Зиновий Зиник. Моль. “Время и мы” (Нью-Йорк), 1993, № 119.
Бедный Зиня Зиник... Позвольте, почему это бедный? — изумится читатель, поднаторевший в эмигрантской прозе. Человеку едва за пятьдесят, а он уже напечатал серию романов и повестей. Из коих “Перемещенное лицо”, например, или “Русская служба”, или “Руссофобка и фунгофил”, как говорится, “широко известны в узких кругах”, здешних и тамошних. Переводился на европейские языки (тоже формула). Благополучествует в Великобритании...
А вот — бедный. Про это и написана “Моль”. Это же окончательно подтверждает контекст, в который она попала: другие авторы, другие рассказы, эссе, записки, фланкирующие ее в журнале. Но о контексте скажу попозже, а сначала о повести.

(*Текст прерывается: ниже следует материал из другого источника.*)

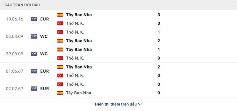 Thành tích đối đầu của Thổ Nhĩ Kỳ vs Tây Ban Nha

Найти свое место в эмигрантском строю (хотя бы литературном) сейчас не так-то просто. До перестройки эмиграция была национальностью, профессией и профилем; впрочем, и тогда профилем достаточно узким. Для мира и Рима хватало Солженицына и Бродского. (См. признания “наших тамошних” в раннем фильме перестройки “Бывшие”.) Остальные писатели-эмигранты были трофеем демократии в боях с тоталитаризмом. Писали и печатались, чтобы перевозиться и транслироваться “сюда”. “Здесь” их проклинали и прославляли всерьез. “Там” они всерьез не принимались: трофеи наличествуют, но в повседневности их не замечают.
Да и в литературе эмигрантской год от года становится тесней. Уже все интонации разобраны: щемяще-полувоздушные, трезво-отчетные, неистово-филиппические, гаерно-скалящиеся, высокомерно-неотмирные... И то: разобраны еще третьей волной, до перестройки, а как четвертая пошла накатывать, так боже ты мой! Эти-то уже из демократии; они все дома уже перевидали и переописали, все экстремы политики, секса, гангстеризма и модернизма. В постсоветском тяжелометаллическом стиле. Что им трагифарсовая эмигрантская Гекуба, литература предыдущей волны? Папино кино.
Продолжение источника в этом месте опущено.